[WHAT YOU ARE ASKED TO DO]
Only the lines from the one containing "我们首先介绍行阶梯形式的矩阵" through the end of the data below are to be repeated, exactly as given, without pictures.

[PROVIDED DATA]
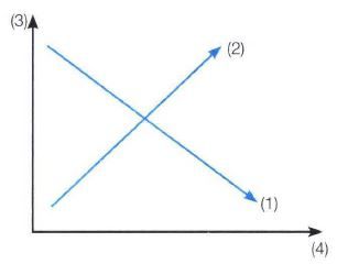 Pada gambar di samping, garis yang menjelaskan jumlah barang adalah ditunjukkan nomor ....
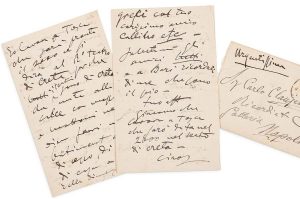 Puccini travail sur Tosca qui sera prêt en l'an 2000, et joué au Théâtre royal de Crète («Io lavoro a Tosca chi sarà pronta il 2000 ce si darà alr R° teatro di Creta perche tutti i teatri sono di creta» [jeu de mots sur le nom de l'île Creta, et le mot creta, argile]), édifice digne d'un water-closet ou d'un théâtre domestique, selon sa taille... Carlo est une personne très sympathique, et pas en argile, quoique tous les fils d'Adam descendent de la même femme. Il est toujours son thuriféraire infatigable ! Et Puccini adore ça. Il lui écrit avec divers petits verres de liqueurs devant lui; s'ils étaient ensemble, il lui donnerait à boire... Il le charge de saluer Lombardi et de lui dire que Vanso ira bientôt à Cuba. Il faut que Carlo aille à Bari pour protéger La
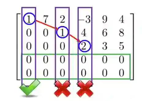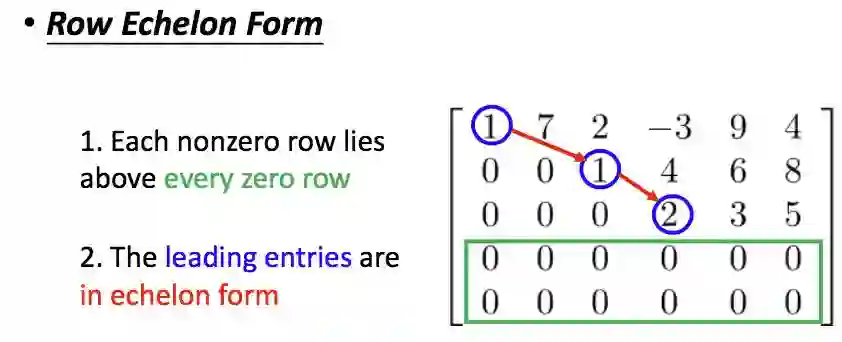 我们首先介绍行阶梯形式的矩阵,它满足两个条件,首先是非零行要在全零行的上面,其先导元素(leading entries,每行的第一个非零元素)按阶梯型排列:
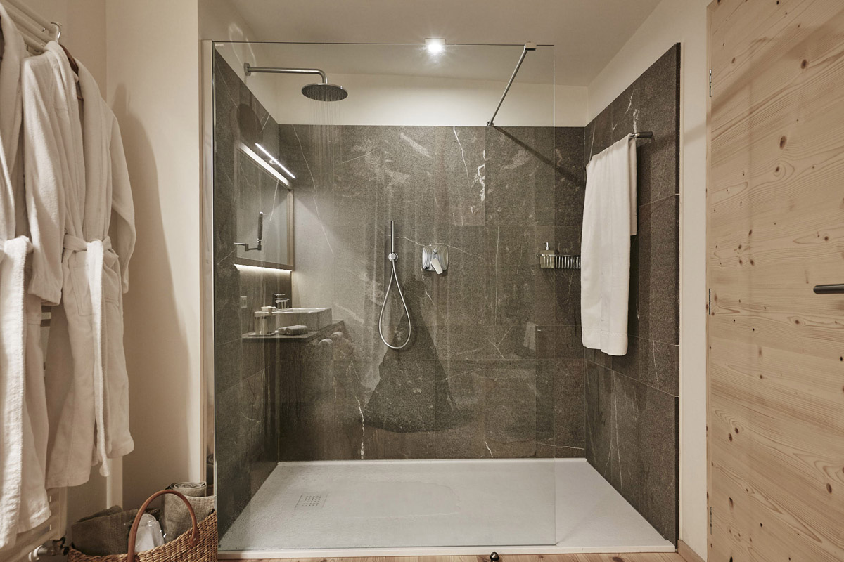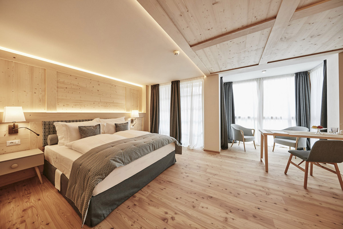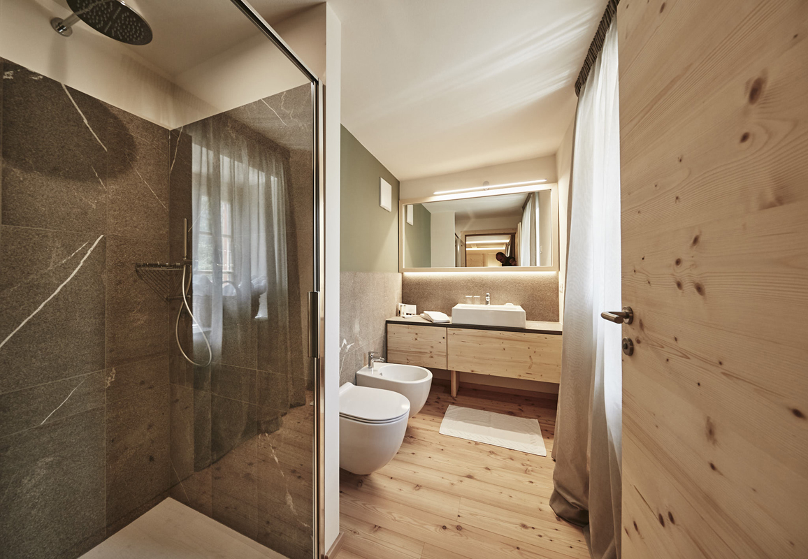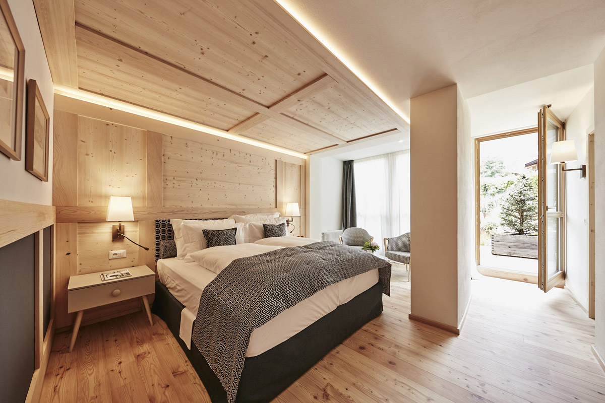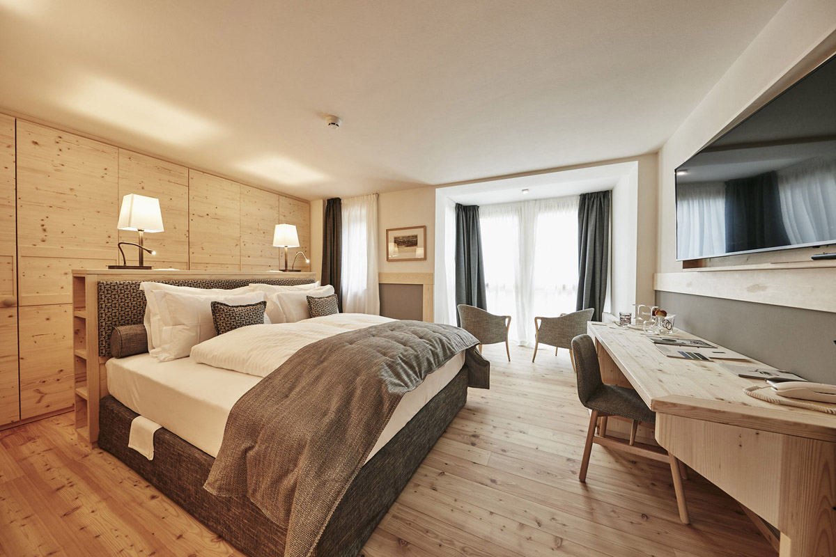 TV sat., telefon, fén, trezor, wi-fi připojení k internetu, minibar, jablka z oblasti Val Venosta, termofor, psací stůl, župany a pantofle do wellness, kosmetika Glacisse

[OUTPUT OF THE TASK]
 我们首先介绍行阶梯形式的矩阵,它满足两个条件,首先是非零行要在全零行的上面,其先导元素(leading entries,每行的第一个非零元素)按阶梯型排列:
 TV sat., telefon, fén, trezor, wi-fi připojení k internetu, minibar, jablka z oblasti Val Venosta, termofor, psací stůl, župany a pantofle do wellness, kosmetika Glacisse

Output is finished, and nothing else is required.